In analyzing which construction of the statute is correct, the Court is aided by the longstanding canon of statutory interpretation that it must "give effect, if possible, to every clause and word of a statute, avoiding, if it may [], any construction which implies that the legislature was ignorant of the meaning of the language it employed." Inhabitants of the Twp. of Montclair v. Ramsdell, 107 U.S. 147, 152, 2 S.Ct. 391, 27 L.Ed. 431 (1883); see also Am. Airlines, Inc. v. Transp. Sec. Admin., 665 F.3d 170, 176 (D.C.Cir.2011). Put differently, a court must not interpret a statute so as to render any words within that statute as "mere surplusage." See Potter v. United States, 155 U.S. 438, 446, 15 S.Ct. 144, 39 L.Ed. 214 (1894) (language "cannot be regarded as mere surplusage; it means something").

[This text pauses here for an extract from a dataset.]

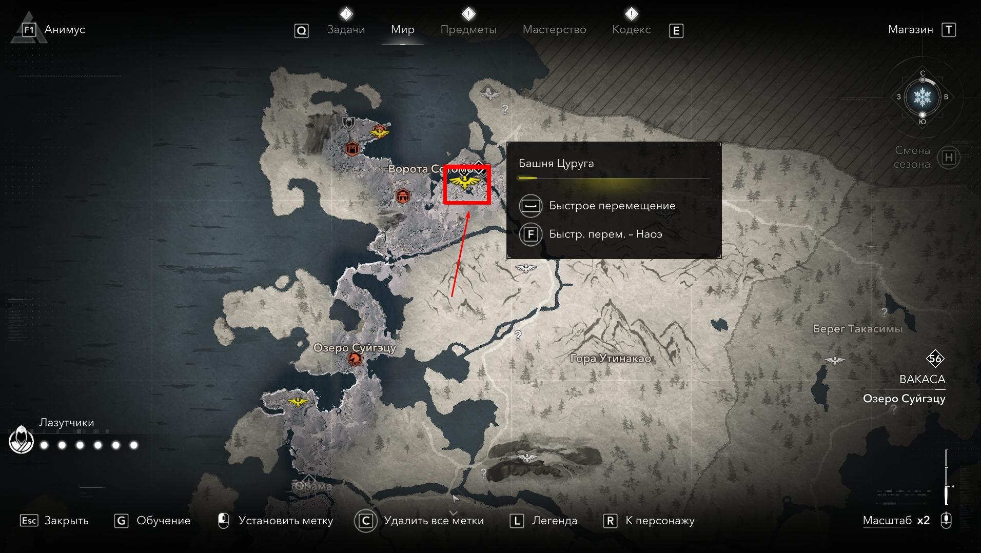 • Лежит в сундуке в одноэтажном здании в северной части территории Замка Цуруга в Вакасе. Открыть его можно только после победы над двумя самураями-дайсё. Его точное местоположение отмечено на скриншотах ниже

Relying on this hermeneutic principle, plaintiffs argue that in subsection (j) Congress intended to extend displacement protection to the homeowner and his or her spouse regardless of whether the spouse was also an obligor on the loan. (Pls.' Mot. at 12.) Any other reading, plaintiffs explain, would "strip[] spouses of their explicit statutory protection against displacement, and render[] the core statutory protection at issue here mere surplusage." (Id. at 14.) In response, defendant contends that for purposes of subsection (j), "a person must be a homeowner in order to be within the definition of a `homeowner' under the statute." (Def.'s Mot. at 16 n.12.) "If the spouse is not a borrower on the mortgage note," defendant argues, "then the spouse has no `obligation to satisfy the loan obligation' and there is nothing to defer until her death." (Id. at 14.)
Defendant's construction of the statute would render the second sentence of subsection (j) mere surplusage, so it is not a plausible reading of the statutory text. If a spouse is a co-obligor on the reverse mortgage, then he or she would automatically be considered a "homeowner" under the terms of the statute.

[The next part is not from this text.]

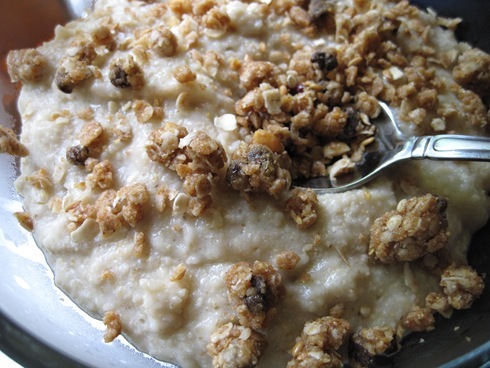 Supercharging Oats are the perfect start to a big day. This bowl has 1/4 cup oat bran, 1/4 cup quick oats, 1/2 banana, 1 cup H20, 1/4 cup unsweetened almond milk, 1/2 scoop vanilla protein powder, and Supercharge me cookie dough (probably a tiny bit less than 1 cookie worth of dough). The Supercharge Me cookie recipe is from ED&BV and is listed on Dreena’s Blog.

Defendant tries to avoid this result and give meaning to subsection (j) by arguing that "[i]n the absence of the second sentence of Subsection (j), a due-on-sale clause could be triggered by the death of one joint tenant, or one member of a tenancy by the entirety."

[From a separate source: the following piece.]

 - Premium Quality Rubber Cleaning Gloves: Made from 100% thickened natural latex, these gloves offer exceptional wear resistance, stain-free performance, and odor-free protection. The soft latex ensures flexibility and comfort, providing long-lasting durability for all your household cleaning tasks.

Moreover, as discussed above, it is clear that the first sentence of subsection (j) would be sufficient to protect two co-mortgagor spouses without the inclusion of the second sentence. Defendant's argument regarding due-on-sale clauses does nothing to alter this analysis. The first sentence of subsection (j) is sufficient to protect against the scenario proffered by defendant where a lender seeks to invoke a due-on-sale clause after the death of the first obligor spouse, because both borrowers would be "homeowners" under the statute. The second part of the first sentence would protect the widowed co-mortgagor because a "homeowner" would still be alive.
In addition to offering his own interpretation of the statute, defendant argues that plaintiffs' reading of the statute is implausible. "Although the term `homeowner' appears twice in the first sentence of Subsection (j)," defendant asserts, "Plaintiffs attempt to substitute the term `spouse' for only one of those." (Def.'s Mot. at 15-16.) Under this reasoning, defendant contends that plaintiffs "would rewrite the statute to read: The Secretary may not insure a
The problem with defendant's argument is that if the statute is read in this way, it fundamentally misconstrues the definition of the term "includes." Because "[a] fundamental canon of statutory construction is that, unless otherwise defined, words will be interpreted as taking their ordinary, contemporary, common meaning," Perrin v. United States, 444 U.S. 37, 42, 100 S.Ct. 311, 62 L.Ed.2d 199 (1979); Rasul v. Myers, 563 F.3d 527, 533 (D.C.Cir.2009) (quoting Perrin, 444 U.S. at 42, 100 S.Ct. 311), it is more appropriate to read the second sentence of subsection (j) in light of the common meaning of "include": "to take in or comprise as a part of a whole." MERRIAM-WEBSTER'S COLLEGIATE DICTIONARY 588 (10th ed. 1997). This is very different from the definition of the word "substitute," which means "to put or use in the place of another." Id. at 1174. Relying on these dictionary definitions, the Court concludes that Congress intended to give "homeowner" a more-expansive meaning in subsection (j) when it used the word "includes" — a meaning where it takes in, or encompasses, the word "spouse." To require the Court to substitute the term spouse for all references to homeowner in its analysis would effectively eliminate Congress' use of the term "include."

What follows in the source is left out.